On Tuesday, June 9, Microsoft released fixes to address more than 200 vulnerabilities in a variety of products, making this month's release the largest on record. 38 of the flaws are considered critical, and three were previously disclosed. Among those is an actively exploited cross-site scripting issue in Microsoft Exchange Server that Microsoft first warned of in mid-May, and Microsoft offered mitigations for the vulnerability at that time. The high number of vulnerabilities addressed this month is attributable to the use of AI tools; Microsoft published a blog along with May's Patch Tuesday, which addressed nearly 140 vulnerabilities, noting that "Many of these were surfaced through AI investments and investigations across our engineering and research teams, including the use of Microsoft's new multi-model AI-driven scanning harness.
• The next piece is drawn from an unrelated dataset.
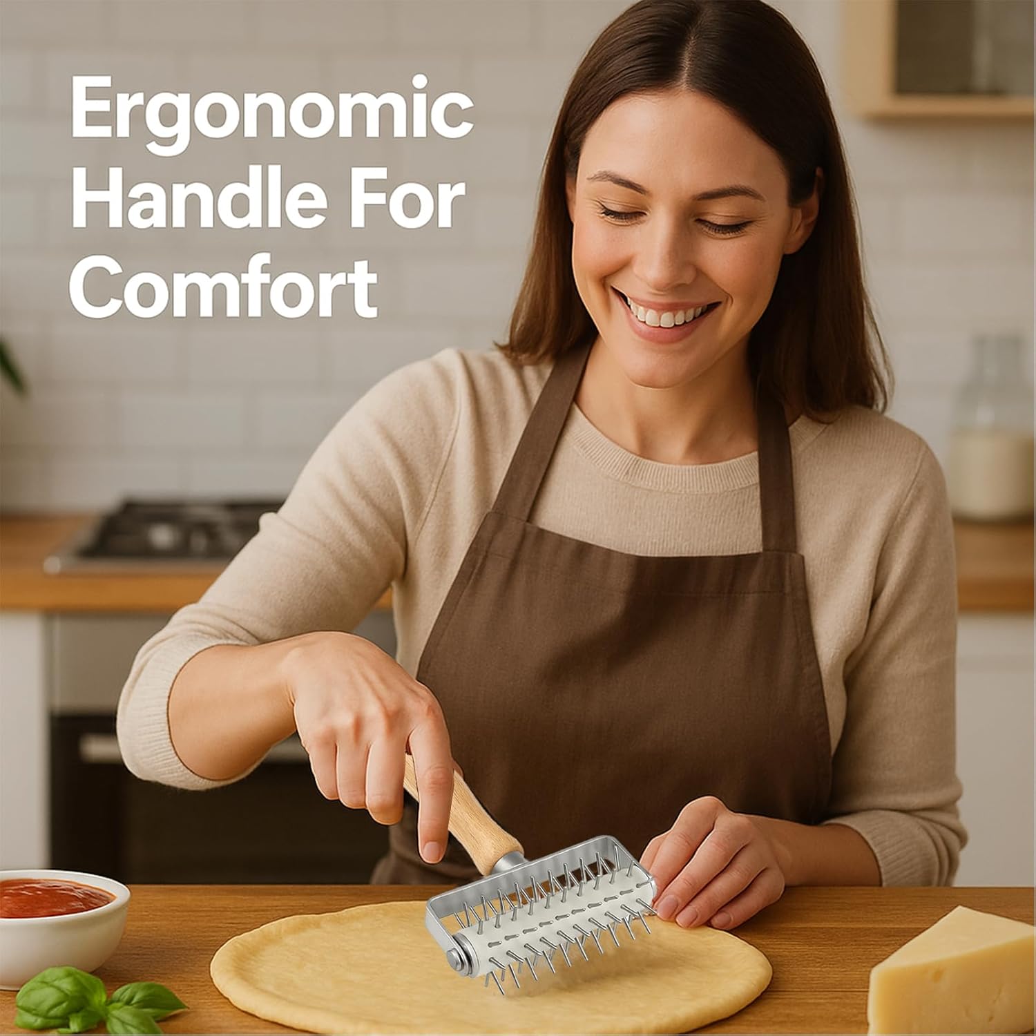 - Premium Material: Our dough docker roller with a solid wood handle. Pins are made of Food Grade stainless steel material. Sturdy and durable dough docker will last longer

A number were also credited to external researchers working in collaboration with AI."

Anthropic has announced that it is releasing new versions of its Claude Mythos AI models to both project Glasswing partners and to the public. Claude Mythos 5, which is described as "an upgrade to Claude Mythos Preview," will be made available to Project Glasswing partners who received access to Claude Mythos Preview in April, as well as to certain biology researchers. Claude Fable 5 will be made available to the public. Fable 5 is a Mythos-class AI model with guardrails. Anthropic acknowledges the risk inherent in releasing a model with this capability; the guardrails mean that "When Fable’s classifiers detect a request related to cybersecurity, biology and chemistry, or distillation, the response is automatically handled by Claude Opus 4.8 instead. Users will be informed whenever this occurs." WIRED journalists Lily Hay Newman and Maxwell Zeff level a measured eye at the model's release, noting "it remains to be seen how resistant Claude Fable 5’s safeguards are in the wild. Anthropic says in more than 1,000 hours of red-teaming, its testers found no universal jailbreaks for the model. Still, fears about the ability to develop adequate protections underpinned the company’s original justification for why it did not release Mythos-class models to the public in April, and these fears have seemingly persisted."
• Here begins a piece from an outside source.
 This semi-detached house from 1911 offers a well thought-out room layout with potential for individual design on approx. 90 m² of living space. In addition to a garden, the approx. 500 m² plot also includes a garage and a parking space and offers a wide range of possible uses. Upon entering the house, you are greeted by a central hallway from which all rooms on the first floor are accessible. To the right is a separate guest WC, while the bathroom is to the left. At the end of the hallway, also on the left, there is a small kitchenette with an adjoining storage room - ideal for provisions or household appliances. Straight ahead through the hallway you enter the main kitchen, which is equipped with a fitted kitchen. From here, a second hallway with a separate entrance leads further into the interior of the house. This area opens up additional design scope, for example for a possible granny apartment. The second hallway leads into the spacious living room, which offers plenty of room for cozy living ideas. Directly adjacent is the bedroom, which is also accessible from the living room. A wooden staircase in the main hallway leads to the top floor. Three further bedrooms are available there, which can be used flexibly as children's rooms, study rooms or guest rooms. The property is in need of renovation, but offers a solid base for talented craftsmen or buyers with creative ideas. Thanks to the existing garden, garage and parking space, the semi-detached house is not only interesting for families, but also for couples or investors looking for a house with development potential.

The US Cybersecurity and Infrastructure Security Agency (CISA) has issued Binding Operational Directive (BOD) 26-04: Prioritizing Security Updates Based on Risk, which creates a rubric for helping civilian federal agencies (FCEBs) triage which vulnerabilities require urgent remediation. Four sequential criteria determine the required timeline for patching: whether the affected system is publicly exposed, whether the flaw is in the Known Exploited Vulnerabilities (KEV) catalog, whether exploitation is automatable, and whether the technical impact of exploitation gives an attacker full control versus partial control. These criteria are determined by CISA through their Vulnrichment program. The 16 possible timelines range between 3, 14, and 60 days, with the most urgent also requiring forensic triage, and the least urgent deemed "Fix on System Upgrade." This BOD supersedes 19-02 and 22-01, which set 15 or 30-day remediation timelines based on severity, and established the KEV and its requirements. BOD 26-04 also contains required actions for FCEBs and CISA to comply with and support the updated remediation requirements, and a visual representation of the criteria as a decision tree.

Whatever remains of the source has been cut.